As usual, let's start with the question, when we think of analyzing data, for most of us, a database and a table immediately come to our mind. It's not a surprise because we're so used to visualizing data in a table format that is in a row, columnar fashion. And also, almost all of us are familiar with SQL. Data in Hadoop cluster is represented as files and so far MapReduce programming or Pig doesn't allow us to view the data in a table format. Therefore, it makes sense to have a tool in Hadoop ecosystem to represent the data sets in table structure and run SQL queries against it. Hive does exactly that.
Hive was developed by Facebook and is now a top level Apache project. Just like Pig, it is also widely used in the industry. With Hive, we can create table structures for our dataset and then write SQL queries to analyze our data set. And because of its ease of use, it has a very short learning curve when compared to MapReduce programming and Apache Pig. Hive takes in a SQL query and converts the query into one or more MapReduce jobs and submits the MapReduce jobs to the cluster. If we recollect, Pig does something very similar too: Pig takes in a Pig script using Pig Latin and convert it into one or more MapReduce jobs and submit the job to the cluster.
Why do we need to have two tools, Pig and Hive, doing somewhat similar things?

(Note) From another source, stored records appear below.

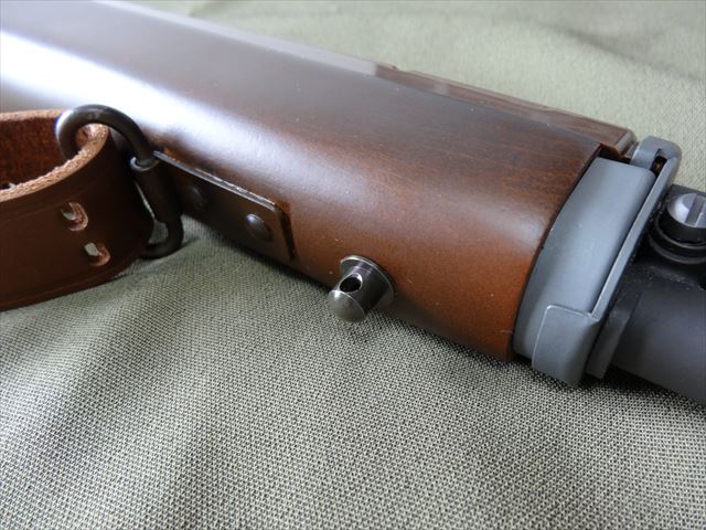 WEのM14は木製ストックに換装済みですが、バイポッド取付アダプタがついていません。
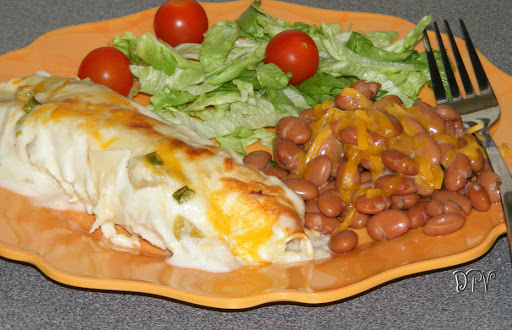 Spoon or pour the sauce over the enchiladas. Top with remaining half of cheese. Top with green onions if desired, or wait and garnish at serving time.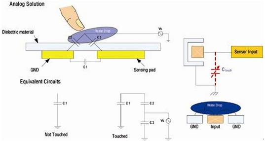 盡jin管guan觸chu摸mo傳chuan感gan器qi的de操cao作zuo細xi節jie和he接jie口kou依yi賴lai於yu具ju體ti的de應ying用yong,一yi般ban來lai說shuo,容rong性xing傳chuan感gan器qi接jie口kou電dian路lu和he檢jian測ce方fang法fa有you模mo擬ni和he數shu字zi兩liang種zhong類lei型xing。一yi種zhong模mo擬ni技ji術shu是shi測ce量liang頻pin率lv或huo工gong作zuo周zhou期qi,這zhe些xie量liang因yin為wei在zai手shou指zhi和he地di之zhi間jian引yin入ru額e外wai的de電dian容rong而er發fa生sheng變bian化hua(見圖2)。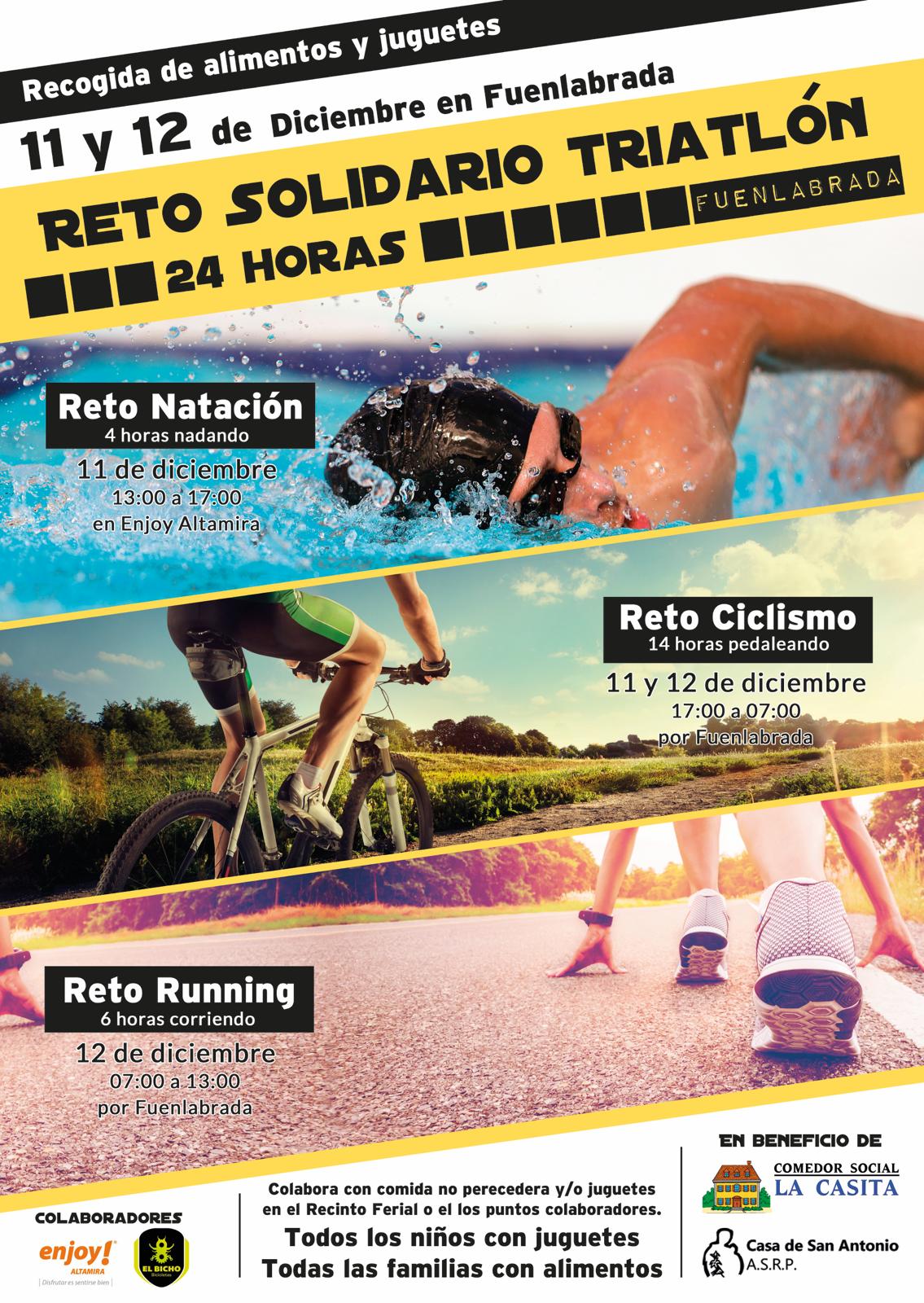 La Plataforma Reto Solidario 24 Horas Fuenlabrada anuncia un nuevo evento solidario que tendrá lugar entre los días 11 y 12 de diciembre. Si el pasado año el ciclista Iván David Vila completó 24 horas seguidas sobre su bicicleta con una espectacular respuesta de los vecinos, en esta ocasión la apuesta es por el triatlón y el desafío consistirá en completar 4 horas nadando, 14 horas pedaleando y las últimas 6 corriendo.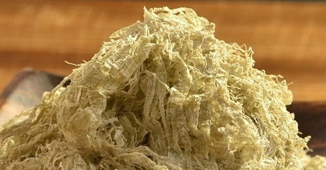 とろろ昆布は、何枚もの昆布を重ねてその側面を削ったものです。削ったものを広げてみると木目調の模様が見えます。その筋が一枚の昆布の側面です。細く糸状に削れているので、手でほぐせばふわふわとちぎれます。何枚もの昆布を皮ごと削っているので、深い味わいが楽しめます。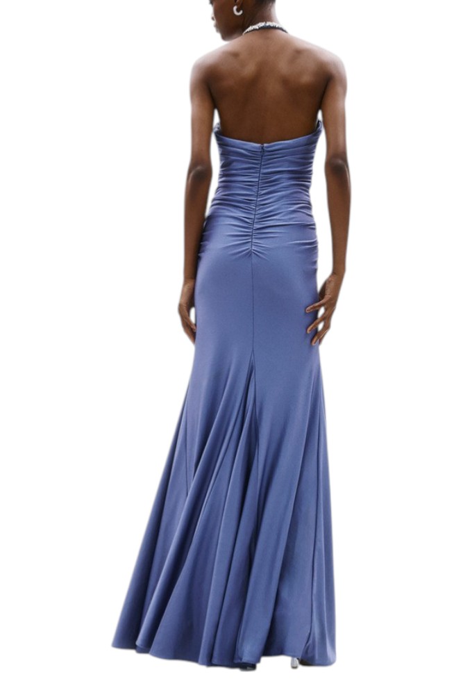 ABITO A SIRENA A FASCIA CON AGGRAPPATURE IMPREZIOSITO DA COLLARINO DI PIETRE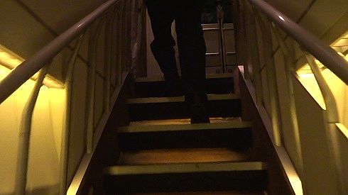 アッパーデッキへの階段を上がります。心躍る瞬間ですね(笑)。

First of all, Pig and Hive were created by Yahoo and Facebook respectively, to solve the same problem around the same time.The capabilities of each tool was not fully transparent to both companies at the early stages of development which resulted in the overlap.
The next question is that do companies use both Pig and Hive at the same time? The answer is yes, we have seen successful Hadoop implementations using both Pig and Hive in the same environment.Here is one such use case, we can use Pig for standard nicely extract, transform and load, that is ETL kind of jobs doing predefined aggregation data, cleanup, filtering and structuring of the data, etc. And Hive can used by developers, data analysts and scientists on a day to day basis for ad hoc analysts of data. Just like Pig, Hive is also a client tool, meaning we don't need to have Hive installed on all the nodes in our cluster, it must be installed on nodes where the Hive queries will be initiated from and that node should have access to the Hadoop cluster to execute the MapReduce jobs. That is the comparison between Hive and Pig.
Now that we know Hive has the concept of tables and queries. Let's look how does Hive compare to the traditional RDBMS systems. Hive leverages Hadoop for processing and hence can process huge volume of data. That is the strength of Hive, but Hive is a batch processing tool because it executes MapReduce jobs in Hadoop cluster behind the scenes. So we will not find all the bells and whistles of a traditional RDBMS system in Hive. Here are some of the key distinctions when comparing Hive and a traditional RDBMS system:
- We will not find pointed updates or deletes in Hive.
- Hive has limited support for indexing
- very high level transaction support which was introduced very recently.
- There are no support for triggers in Hives
With these key distinctions, Hive is not a database system rather than a tool that helps developers write MapReduce jobs in Hadoop cluster using simple SQL queries.
In the Hadoop ecosystem, Hive was a powerful tool to start with:
- It makes MapReduce very easy. We don't need to know a programming language to write MapReduce programs anymore. All we need to know is SQL and we feel right at home when working with Hive.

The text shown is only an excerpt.